Mohammad Ilyas Burney
Dr. Burney's research and field work in Pakistan on the guinea worm disease which is spread by contaminated water and threatened 360,000 people in 400 villages has eliminated the disease in pilot area villages and provided strategies for its eradication in Pakistan by 1989. A total of 106 cases in 35 villages were reported in 1991. 22 villages had only one case each.
Shomb Sultan Khan
General Manager of an Aga Khan Foundation Rural Support Programme which encourages forest management and sustainable agriculture. Since 1982, the programme has promoted sound environmental management and small-scale income- generating activities which have benefitted 800,000 rural people in northern Pakistan.
Dr. Hassan is a leading corporate lawyer who has been actively involved in drafting conservation legislation with governments since 1975. The 1983 Pakistan Environmental Protection Ordinance is legislation proposed by Dr. Hassan. Since 1987, he has prevented contamination of ground water from untreated tannery wastes in the city of Kasur. In 1989, he formed the Environmental Protection Society of Pakistan. He has been IUCN's regional councilor for West Asia and deputy chairman of the Environmental Law Commission. Dr. Hassan also chairs WWF's Scientific Committee and is a member of the Pakistan Environmental Protection Council, the highest official body on environmental matters in Pakistan.
Paasban / Family Planning Association
For the past 12 years, The Paasban Women's Development Programme has been working on a national strategy to bring women into the mainstream of development to improve their economic and social status.
In 1986, the women introduced smokeless chulhas (stoves). Traditional mud stoves used by the majority of the rural population consumed a great deal of already scarce fuelwood. The project team thus organized a series of 'chulha' workshops to train women to build, repair and maintain chulhas. Fuel consumption has now been reduced by 30 per cent and the women expend less energy gathering wood. Health conditions have also improved as smoke is reduced in communities.

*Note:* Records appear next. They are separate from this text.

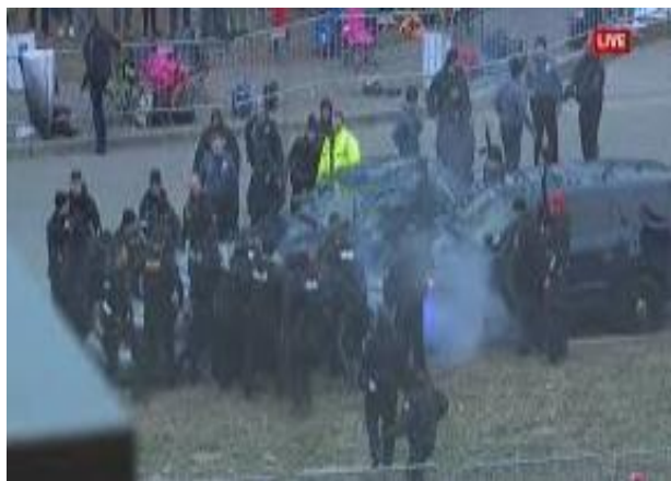
Police stop vehicle after crashing through parade barricade
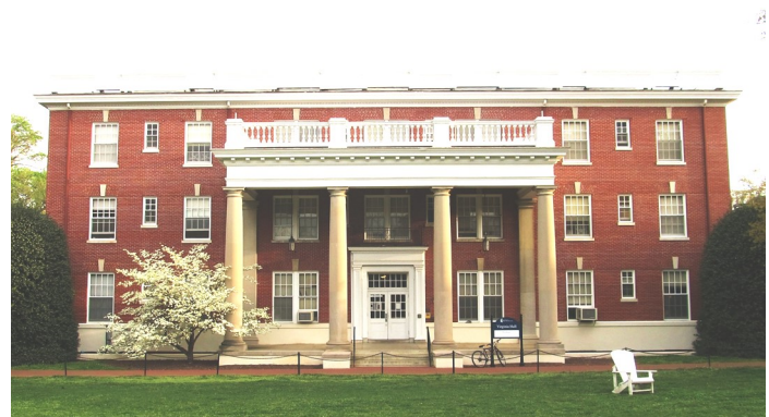
Virginia Hall, Ball Circle Side; 2015; Laura Gilchrist
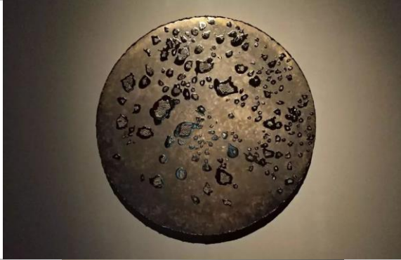
Yin Xiuzhen, Microcosm , 2016 Courtesy of the artist
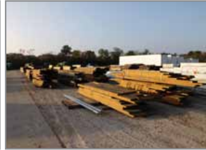
LG QTY OF VARIOUS LUMBER
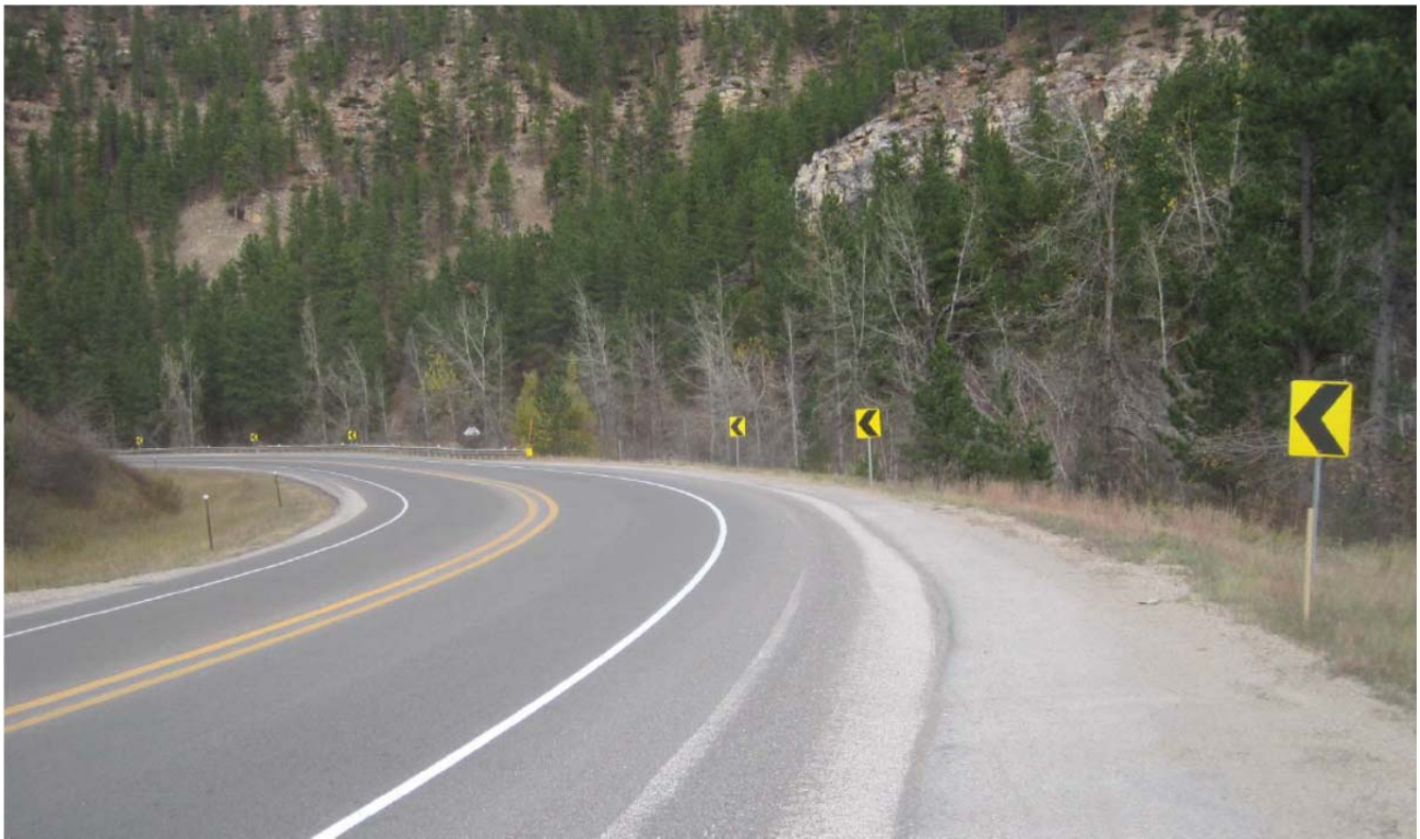
US14A West of Sturgis
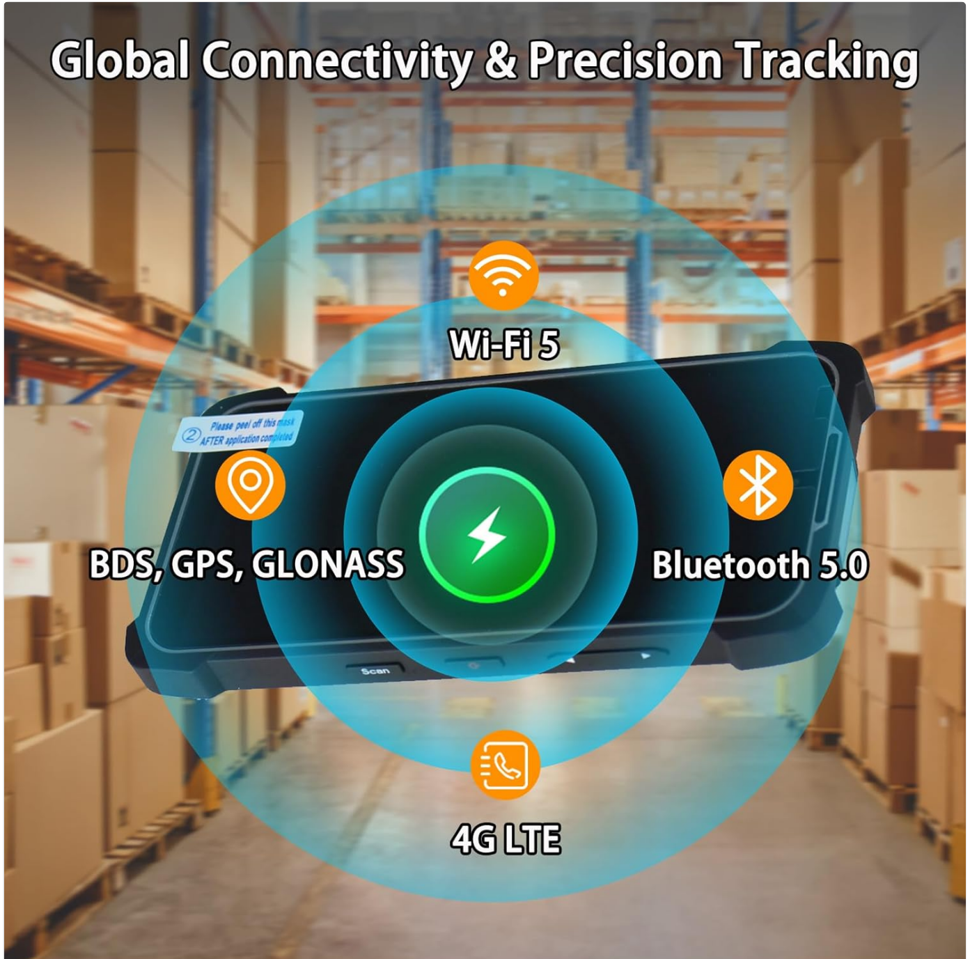
Figure 4: Visual representation of the SM5-T's global connectivity features, including Wi-Fi 5, Bluetooth 5.0, 4G LTE, and multi-system GPS (BDS, GPS, GLONASS).

Nafisa is a journalist for Newsline publications based in Karachi, Pakistan. She has written articles for her monthly magazine, but three of these stand out in support of environmental conservation. One is an article on a village whose inhabitants use dirty water from the Lyari river for all their needs, thus resulting in disease. The article mobilized the villagers into action and they now enjoy the benefits of a water project funded by the World Bank. Another article resulted in pressure against the government from building a highway across a national park. The highway has since been rerouted outside the wildlife preserve. A third article also pressured the government, through a court order, to stop the order which allows the hunting of the Houbara Bustard.

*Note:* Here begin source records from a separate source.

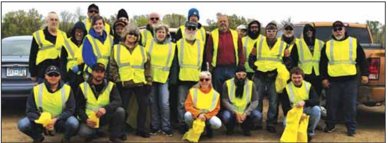
River Valley spring ditch clean up!
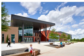
Capps Middle School

City of Boston Public Schools Roxbury, MA
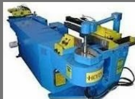
Tube Bending Machine Services
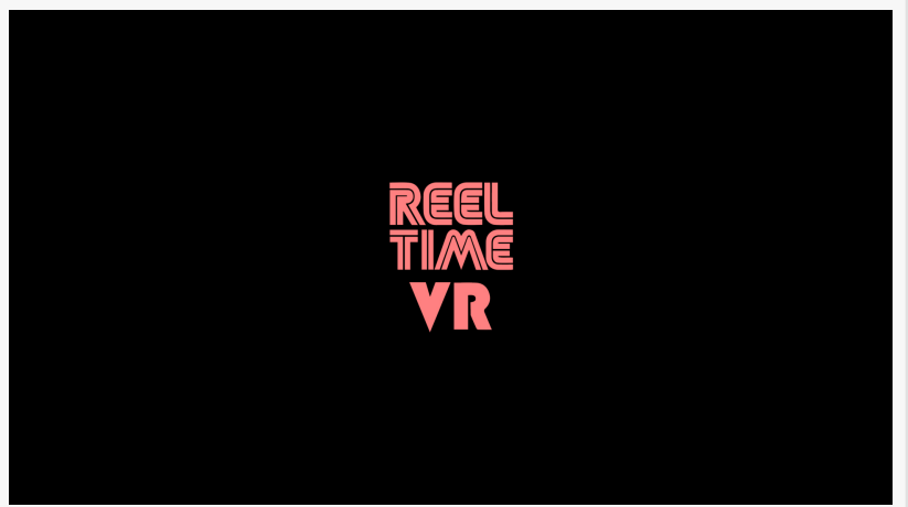
ReelTime VR Logo
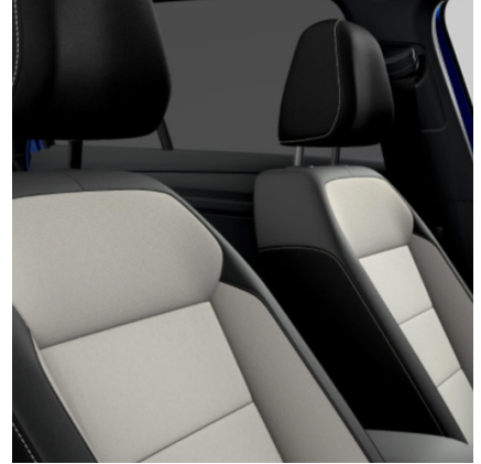
"Deep Iron Grey" ArtVelours cloth Storm Grey (XI) Standard on Style
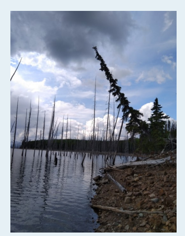
Location of logger at Tatsha Reach, note the Coast Mountains in the background

Because we wanted to get a sense of the geographical variability of the Nechako River system, selection of sampling sites for our pilot season took us to some pretty remote and stunningly beautiful places in the Nechako Watershed. We visited the shores of Tatsha Reach on the Nechako Reservoir, the Nadina River, near the extinct volcano Mt Nadina, the Nechako River near Vanderhoof, and immediately downstream of the Skins Lake Spillway.
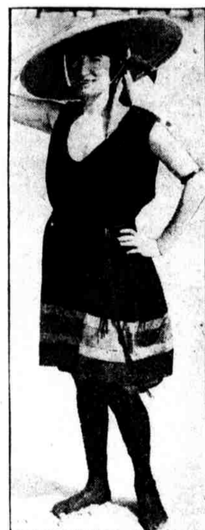
UNDER A JAPANESE BONNET. Mrs. Claude Graham White, the former Ethel Levey, at Palm Beach.
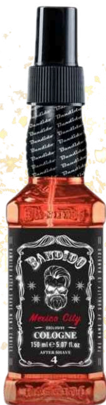
After shave Cologne Mexico City Red 150ml Rs 385
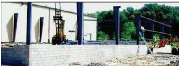
Industrial Addition, Under Construction
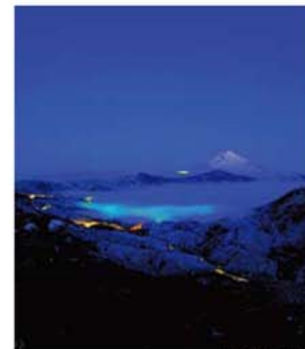
< 蒼 - Bleu -> 2002

On 14 August 1993, Zulekha Ali, a young journalist who had made a name for herself in environmental journalism in a short career spanning just one year, lost her life to the waves while saving another girl from drowning.

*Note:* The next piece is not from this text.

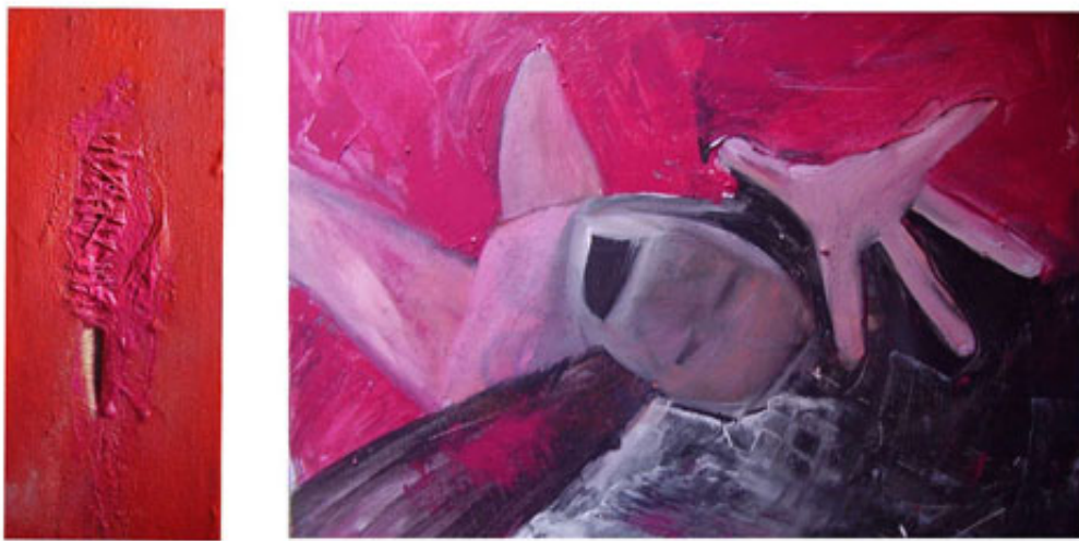
Figure 2: 'Art against FGM' by Conny Niehoff. 8 Circumcision is depicted as a vivid harrowing event.

Many circumcised women find the experience traumatising. This is unsurprising given the nature of FGM: it is carried out using razorblades, knives, glass, sharpened rocks, scissors, burning or fingernails. Anaesthesia or analgesia are usually deemed unnecessary. 5 In interviews with 23 Senegalese circumcised women, all but one described the day of her circumcision as horrifying (Figure 2) and over 80% still had unwanted re-experiences. 6 It is likely that many women develop Post Traumatic Stress Disorder (PTSD), 6 living with a range of symptoms including nightmares, hypervigilance, insomnia, emotional detachment and overpowering emotions. 7
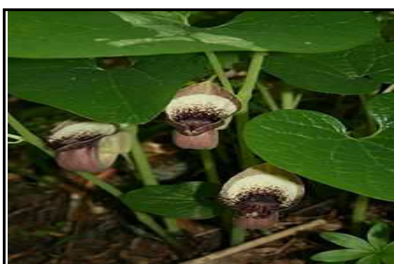
A. pontica flower

She did a series of investigative environmental stories for her newspaper, The News, and almost everything she wrote triggered action because she followed up. Last July, the local town committee decided to turn the only children's park in the area into a maternity home, despite the fact that there were already several homes there. Zulekha did a story on the conversion mobilizing the community who took the matter to court. A stay order was obtained and the park was saved.
Last summer a dozen people drowned in the sea while celebrating the festival Eid. The cause? Illegal sand excavations and inadequate beach safety. Zulekha Ali highlighted this issue and as result Section 144 was imposed in the area prohibiting sand excavation.
Last May, a lethal chemical used in the dyeing industry was dumped along Lyari River, causing the death of two people. Zulekha followed the trial of the chemical and discovered that about 1,460 drums of the same chemical were laying in the customs warehouse. Zulekha's investigation revealed that a large number of chemicals were still dumped. This report resulted in the involvement of environmental agencies and thanks to her efforts toxic chemicals are not treated in the same passive way.
Safina Z. Siddiqi
When nearing the age of 60 - a time of retirement for most people - Safina Z. Siddiqi was just gearing up to lead the women in her neighbourhood in Karachi in a campaign to improve their environment and living conditions. Her living-room wall - plastered with "before" and "after" pictures - portrays the fruits of the women's efforts. Before, the streets were pitted with potholes, open sewers spilled over contaminating drinking water and uncollected garbage accumulated into stinking heaps on the road sides. Since 1989, when Siddiqi founded the Karachi Administration Women's Welfare Society (KAWWS), the sites have changed. The women - the majority of whom are housewives with no university education like Siddiqi - pressured civil servants to help them build and repair roads in neglected areas, fix sewers and install street lights. The women themselves established a garbage collection system, planted tree saplings, negotiated a caretaking system to ensure their survival, and established eight parks - one which replaced a sewage pond. In 1992, KAWWS made quality drinking water a national issue when it filed public interest litigation before the country's Supreme Court as a human rights case. Siddiqi and her neighbours' efforts have attracted more members and international recognition. Membership has swelled to more than 100 and Siddiqi's story was one of 200 community development successes reported during the 1991 Global Assembly of Women and Environment in Miami, USA.